Egypt is a beautiful civilised place. I had always imagined that I would either die in Jerusalem or be carried off with the rest of my people to Babylon. I had long been told by Yahweh that the core of my people would grow and prosper in Babylon. I had sent them word again and again that they would be safe there, should settle down, marry, trade, learn. It is an utter blessing that my Baruch is a scribe. How simple that made these long-distance conversations.

I had seen other things too – that Baruch, younger than I, would live a long and peaceful life, travelling where he chose, always protected by Yahweh, and that this was a reward. Yahweh was right, that was exactly the reward I would have chosen for my service. He had also shown me something of what it had cost him to destroy Judah, which had been his own work. I had a glimpse into his pain, and did not fully understand, only wondered. It made my own suffering easier to accept, and his promises easier to believe, that life in Babylon would be for the good of the people.

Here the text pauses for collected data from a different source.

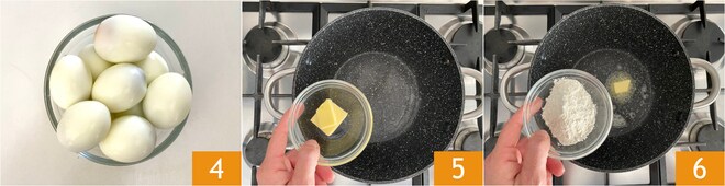 Coloque-os de lado em uma tigela 4. Prepare o molho bechamel: derreta a manteiga em uma panelinha 5, adicione a farinha 6
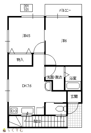 | 間取り | 2DK (洋室:4.5、6) DK7.6 |
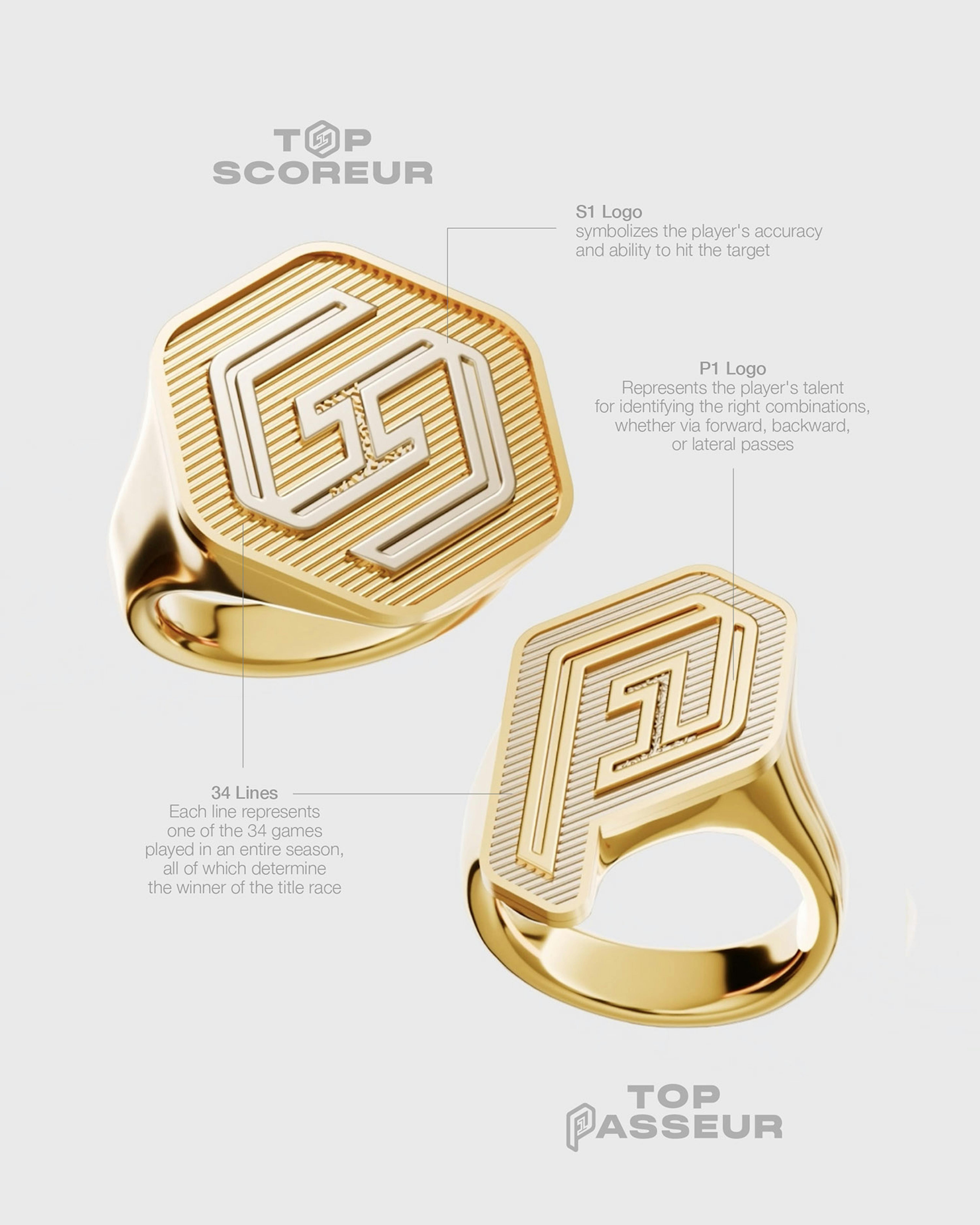 Two rewards, one creation, symbolizing the deep connection between the art of scoring and passing. As an additional reward for the player, each badge at the core of the trophy reveals a ring hidden inside.

But I did not end up in Babylon. I ended, with a tiny dissolute rump, in Egypt. It should have been a time of horror. Egypt is a place of exile, of slavery. It was not terrible. It was a time of peace. Although I continued to try and call them to obey the will of Yahweh, and continued to fail, I knew we were safe.

I had word from Babylon that my people there were beginning to turn to Yahweh. To learn from what had happened, and to gather themselves for that return to their home, to Jerusalem, which I was sure would follow one day. I had utter confidence that when they had learned enough they would go to Jerusalem, and there it would indeed become true that they would learn how to worship Yahweh with their hearts and lives, offering the truest worship of a life well lived, of justice and – well, frankly if you do not know the rest by now …

One day I suggested to Baruch that we might go to Babylon and see the people there. We were sitting under a date palm with a small jar of wine, and a loaf of bread. He had been singing to me. He has a beautiful voice. He looked down at me as I lolled in the shade. ‘Let us stay here, where Yahweh has brought us,’ he said gently, ‘Let us enjoy the peace.’